Omit the pictures and extract only the lines from the line containing "Selector cables, assembly" to the end of the material, each exactly as written.

*Recorded data:*
• • •

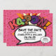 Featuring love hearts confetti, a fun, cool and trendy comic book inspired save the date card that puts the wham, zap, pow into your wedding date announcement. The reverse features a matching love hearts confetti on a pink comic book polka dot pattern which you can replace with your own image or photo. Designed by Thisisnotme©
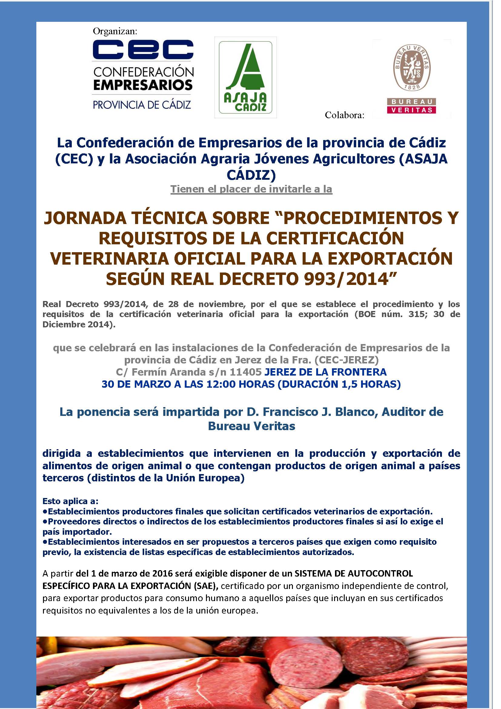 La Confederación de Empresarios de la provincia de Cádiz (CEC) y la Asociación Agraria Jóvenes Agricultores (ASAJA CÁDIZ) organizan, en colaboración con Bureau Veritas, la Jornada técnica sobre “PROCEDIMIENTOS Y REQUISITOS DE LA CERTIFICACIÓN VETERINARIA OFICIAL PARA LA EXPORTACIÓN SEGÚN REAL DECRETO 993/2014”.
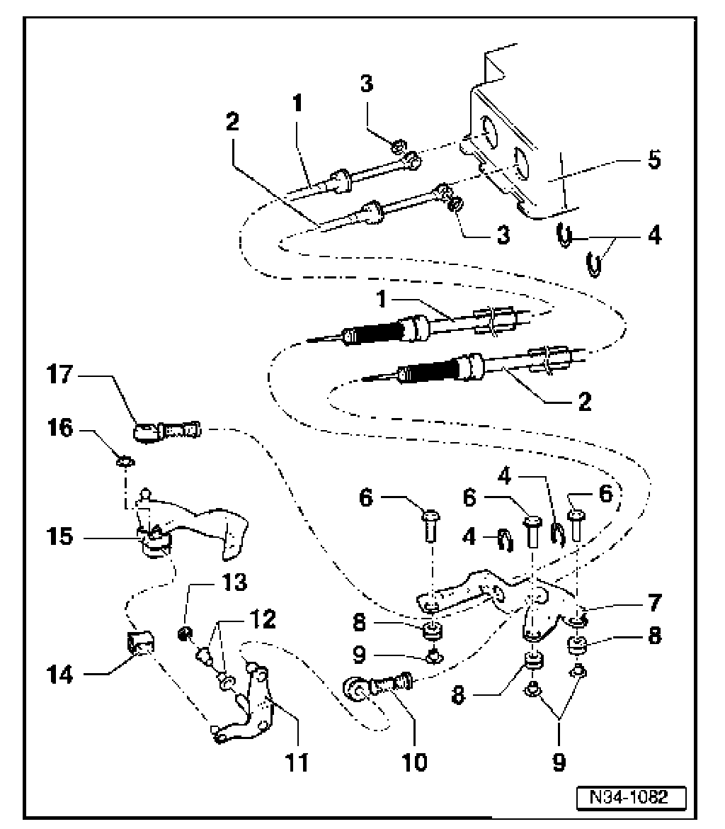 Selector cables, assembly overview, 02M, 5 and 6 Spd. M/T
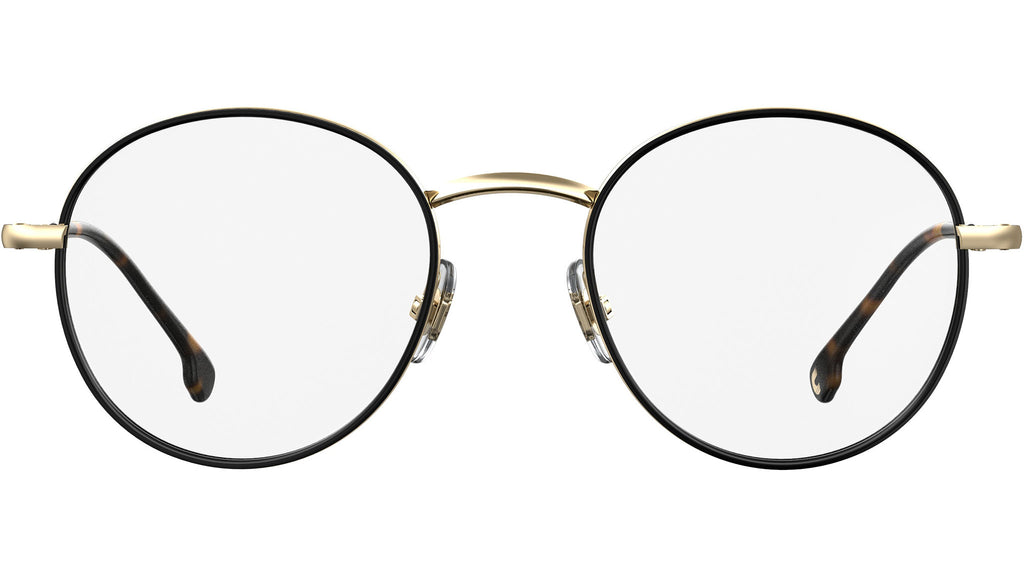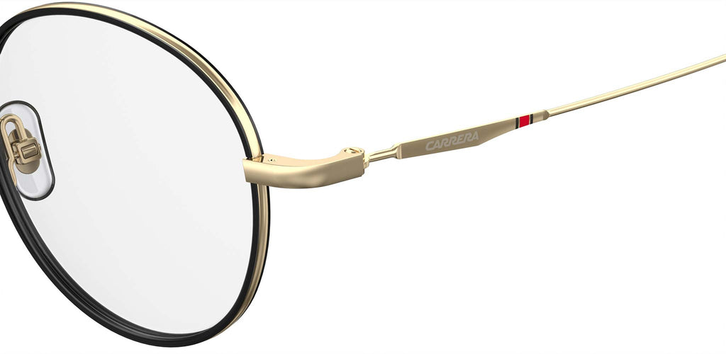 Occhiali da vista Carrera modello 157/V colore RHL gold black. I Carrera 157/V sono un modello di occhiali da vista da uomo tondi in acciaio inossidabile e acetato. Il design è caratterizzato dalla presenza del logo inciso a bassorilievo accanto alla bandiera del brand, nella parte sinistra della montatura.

• • •

*Solution:*
 Selector cables, assembly overview, 02M, 5 and 6 Spd. M/T
 Occhiali da vista Carrera modello 157/V colore RHL gold black. I Carrera 157/V sono un modello di occhiali da vista da uomo tondi in acciaio inossidabile e acetato. Il design è caratterizzato dalla presenza del logo inciso a bassorilievo accanto alla bandiera del brand, nella parte sinistra della montatura.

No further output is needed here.